Training and cadaver labs are constrained by incredible time, expense and travel, and the current augmented reality virtual simulators are becoming more technically advanced by the day. We are increasingly incorporating them into our ORs to improve our accuracy and surgical precision. At Hoag, we can utilize AR technology and see a patient's pathology in three dimensions while navigating through the brain or spine like we're on a magic carpet. The technology can also help you connect in a totally unique way with our patients. It makes it so visually understandable so that our patients can be more involved in the decision-making process. 

Q: How do you compare spine robots and AR systems in their current states?

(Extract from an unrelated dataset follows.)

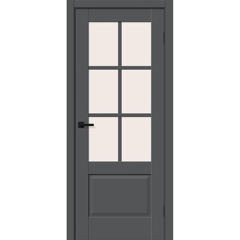 Межкомнатная остекленная дверь рамочной конструкции с объемной филенкой. Особенности: Композитный каркас двери со стабилизирующим слоем LVL или соснового бруса облицован плитами высокой плотности, без пустот. Дверь проклеена в местах соединения деталей, что обеспечивает долгий срок службы. Бескромочная технология производства, торцы защищены по технологии «2-Edge». Для отделки всех лицевых поверхностей применяется влагостойкий PUR-клей необратимой полимеризации. Крепеж из закаленной стали надежно фиксирует детали двери в 10 точках (в обычных дверях не более 6). Отделка: ПЭТ - инновационное покрытие c гладкой и приятной на ощупь поверхностью, устойчиво к повреждениям, не выцветает со временем. «Эмаль-эффект» - как эмаль, только лучше. Один из самых экологичных материалов (институт Fraunhofer IVV, Германия). Компания Bravo первой в России начала использовать 100% ПЭТ (без добавок) для промышленного производства дверей. Декор: Stormy Silk - примерно соответствует RAL 7016, матовый (≈ 3,8 GU). Стекло: Magic Fog — белое сатинированное. Дешевое стекло с пескоструйной обработкой не используем. Комплектующие: Телескопические погонажные изделия для качественного регулируемого монтажа. Дверная коробка с TPE-уплотнителем для мягкого закрывания. Толщина, мм: 36 Масса брутто, кг: 21.8 Объем, куб.м: 0.049

AK: Robots cost about a million dollars and AR systems cost a couple hundred. But it really depends on what you're trying to do. When I hear "robot," I think about something that is automated and learns itself through artificial intelligence and experience, just like the human brain. It learns through data acquisition over time. To me, that's a robot. But current robots are basically navigation assistance; they still require humans to set up and move everything, oftentimes ironically slowing us down. AR technology enables us to plan things out virtually and then navigate during surgery, but it does so at a vastly different price point. I anticipate in the years ahead that AR/VR and robots will be far more utilized and drastically improve our efficiency and safety in the OR, but at the moment, humans remain essential in nearly all aspects of surgical planning and execution.

Q: How do you think spine care delivery will evolve in the next five years?

AK: Spine care delivery will likely eradicate single specialty silos. Patients are increasingly going to be treated at multidisciplinary centers that work more efficiently with providers to deliver expeditious care without all the excess time between evaluations, diagnostics and treatment. This means that insurers will also need to partner up so we can break down the walls between all stakeholders. We have to move more seamlessly through a comprehensive care algorithm that follows evidence-based pathways, so we can methodically determine what diagnostics are necessary, what medicines are most helpful and what treatments work best.